1. Reaction is similar to : $\ce{HCO3- + H2O <=> H2CO3 + OH-}$
2. $\displaystyle \ce{Kb} = \pu{2.4E-8} = \ce{\frac{[OH-][H2CO3]}{[HCO3-]}}$
3. $\displaystyle \ce{Kb} = \pu{2.4E-8} = \ce{\frac{[OH]^2}{[0.42]}}$ , as we have $\pu{0.42 M}$ of $\ce{NaHCO3}$ so approximately $\pu{0.42 M}$ $\ce{HCO3-}$, and $\ce{[OH-] = [H2CO3]}$
4. Solve equation for $\ce{[OH-]}$, giving $\ce{[OH-]} = \pu{10^{-4}}$ and hence $\ce{pOH} = 4$

What I don't understand is: Given the equation $$\ce{HCO3- + H2O <=> H2CO3 + OH-},$$ doesn't this show $\ce{HCO3} = \ce{H2O} = \ce{H2CO3} =\ce{OH-}$, as they are all in a $\mathrm{1:1:1:1}$ molar ratio in the equation.

So wouldn't $\ce{OH-}$ also just equal $\pu{0.42 M}$?

Answer 1

Your misunderstanding appears to be some confusion between stoichiometry and equilibrium concentrations.
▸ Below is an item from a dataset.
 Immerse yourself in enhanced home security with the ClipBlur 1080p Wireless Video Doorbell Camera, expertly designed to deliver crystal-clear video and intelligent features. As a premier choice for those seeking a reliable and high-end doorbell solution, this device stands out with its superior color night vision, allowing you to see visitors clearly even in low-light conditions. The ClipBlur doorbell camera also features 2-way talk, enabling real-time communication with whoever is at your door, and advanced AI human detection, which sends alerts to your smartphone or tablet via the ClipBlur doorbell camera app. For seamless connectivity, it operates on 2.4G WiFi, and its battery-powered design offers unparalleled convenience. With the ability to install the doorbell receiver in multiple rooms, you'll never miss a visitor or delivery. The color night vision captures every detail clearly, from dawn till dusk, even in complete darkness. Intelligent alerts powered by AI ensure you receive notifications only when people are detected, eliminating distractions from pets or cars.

The chemical equation describes the stoichiometry or the ratio of the species in the reaction. In other words, each time the reaction happens, the equation describes how many of each reactant are consumed and how many are produced. In your example:

$$\ce{HCO3- + H2O <=> H2CO3 + OH-}$$

Each time this reaction occurs in the forward direction, one bicarbonate anion and one water molecule react to form one carbonic acid molecule and one hydroxide anion. In the reverse direction, one carbonic acid molecule and one hydroxide anion react to form one bicarbonate anion and one water molecule.
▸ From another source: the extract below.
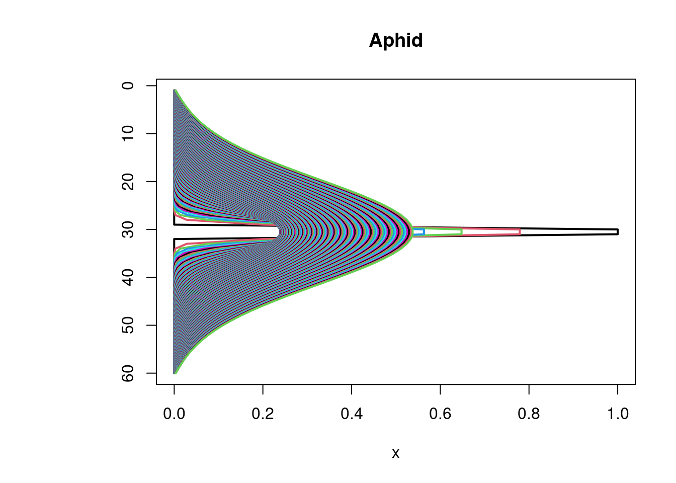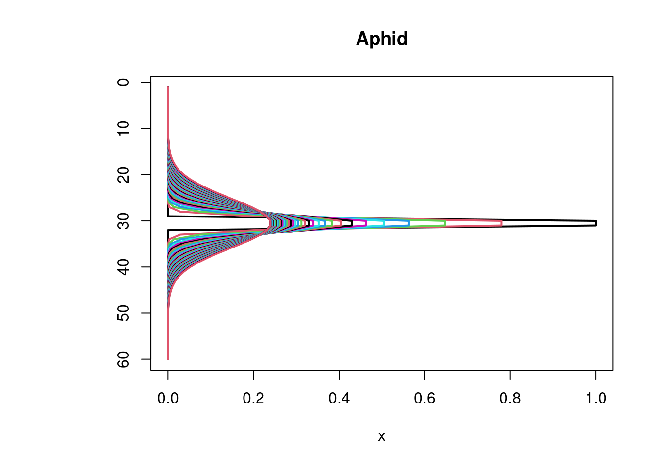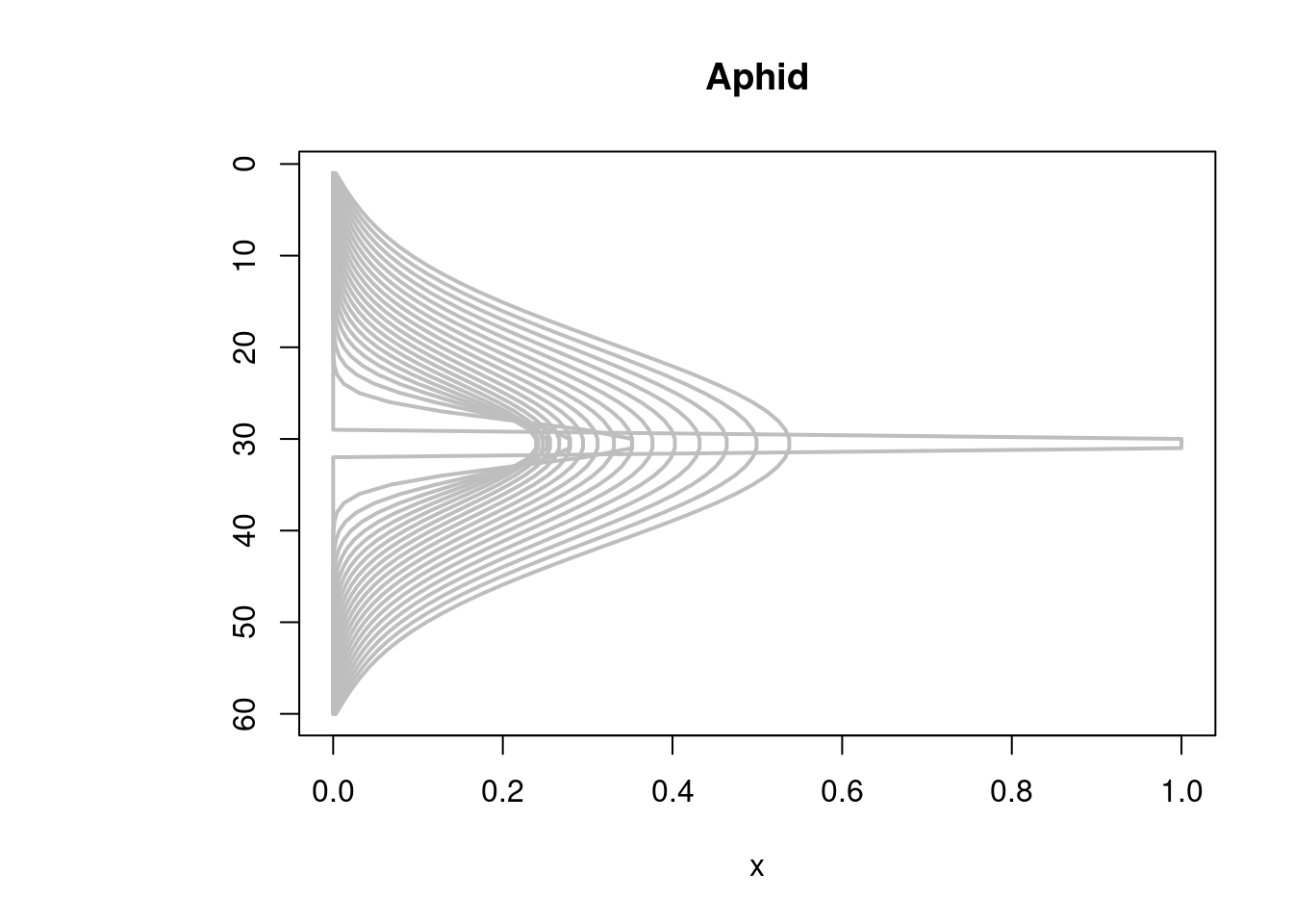 image(out, grid = Distance, main = "Aphid model", ylab = "distance, m",

Since this reaction is reversible, the equilibrium constant tells you something about the extent of the reaction. In other words, what portion of the overall system is sitting on the reactant side and what portion sis sitting on the product side. Put another way, the system is at equilibrium when the rates of the forward and reverse reactions are equal. These rates are dependent on the concentrations of the species on the reactant and product sides of the equation and on rate constants.

$$\mathrm{rate_{forward}=rate_{reverse}}\\ k_\mathrm{f}[\ce{HCO3-}][\ce{H2O}]=k_\mathrm{r}[\ce{H2CO3}][\ce{OH-}]$$

The equilibrium constant is the ratio of the rate constants:

$$K=\frac{k_\mathrm{r}}{k_\mathrm{f}}=\frac{[\ce{H2CO3}][\ce{OH-}]}{[\ce{HCO3-}][\ce{H2O}]}$$

The equilibrium constant is thus a law of mass action expression for the situation where the forward and reverse rates are equal. At this state, both forward and reverse reactions are occurring following the stoichiometric ratios, but the concentrations of each species has reached a steady state.